Backgrounds:
Colorectal cancer (CRC) is a highly malignant gastrointestinal malignancy with a poor prognosis, which imposes a significant burden on patients and healthcare providers globally. Previous studies have established that genes related to glutamine metabolism play a crucial role in the development of CRC. However, no studies have yet explored the prognostic significance of these genes in CRC.
Methods:
CRC patient data were downloaded from The Cancer Genome Atlas (TCGA), while glutamine metabolism-related genes were obtained from the Molecular Signatures Database (MSigDB) database. Univariate COX regression analysis and LASSO Cox regression were utilized to identify 15 glutamine metabolism-related genes associated with CRC prognosis. The risk scores were calculated and stratified into high-risk and low-risk groups based on the median risk score. The model's efficacy was assessed using Kaplan-Meier survival analysis and receiver operating characteristic (ROC) curve analysis. Cox regression analysis was employed to determine the risk score as an independent prognostic factor for CRC. Differential immune cell infiltration between the high-risk and low-risk groups was assessed using the ssGSEA method. The clinical applicability of the model was validated by constructing nomograms based on age, gender, clinical staging, and risk scores. Immunohistochemistry (IHC) was used to detect the expression levels of core genes.
Results:
We identified 15 genes related to glutamine metabolism in CRC: NLGN1, RIMKLB, UCN, CALB1, SYT4, WNT3A, NRCAM, LRFN4, PHGDH, GRM1, CBLN1, NRG1, GLYATL1, CBLN2, and VWC2. Compared to the high-risk group, the low-risk group demonstrated longer overall survival (OS) for CRC. Clinical correlation analysis revealed a positive correlation between the risk score and the clinical stage and TNM stage of CRC. Immune correlation analysis indicated a predominance of Th2 cells in the low-risk group.

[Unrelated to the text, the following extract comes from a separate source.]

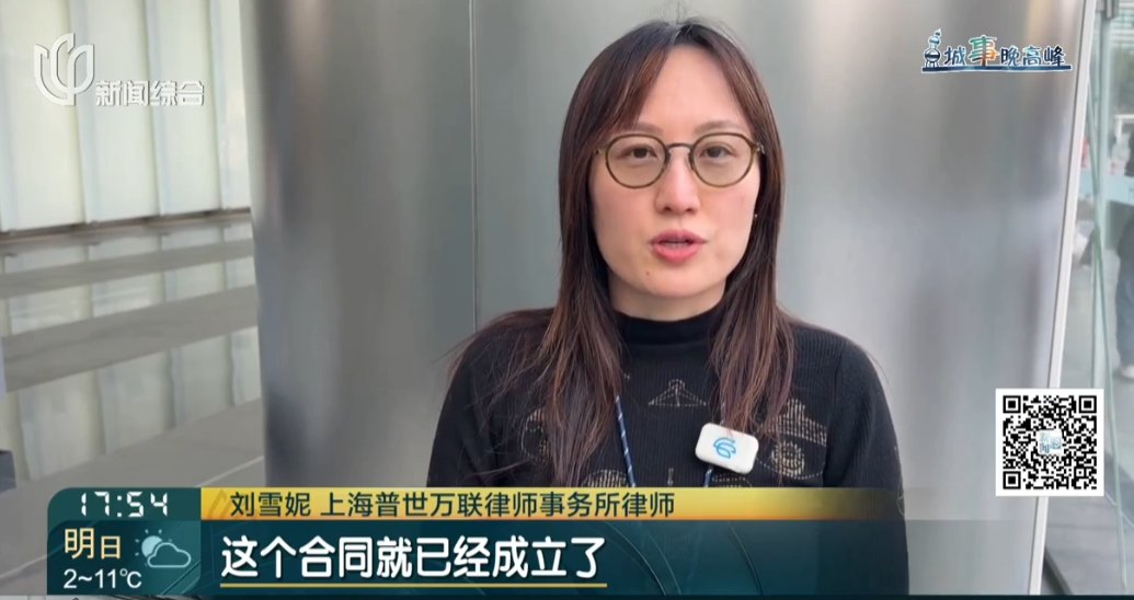 OCR:杰城事晚高峰 新闻综合 17:54 刘雪妮上海普世万联律师事务所律师 明日 这个合同就已经成立了 2~11℃

The nomogram exhibited excellent discriminatory ability for OS in CRC. Immunohistochemistry revealed that the core gene CBLN1 was expressed at a lower level in CRC, while GLYATL1 was expressed at a higher level.
Conclusions:
In summary, we have successfully identified and comprehensively analyzed a gene signature associated with glutamine metabolism in CRC for the first time. This gene signature consistently and reliably predicts the prognosis of CRC patients, indicating its potential as a metabolic target for individuals with CRC.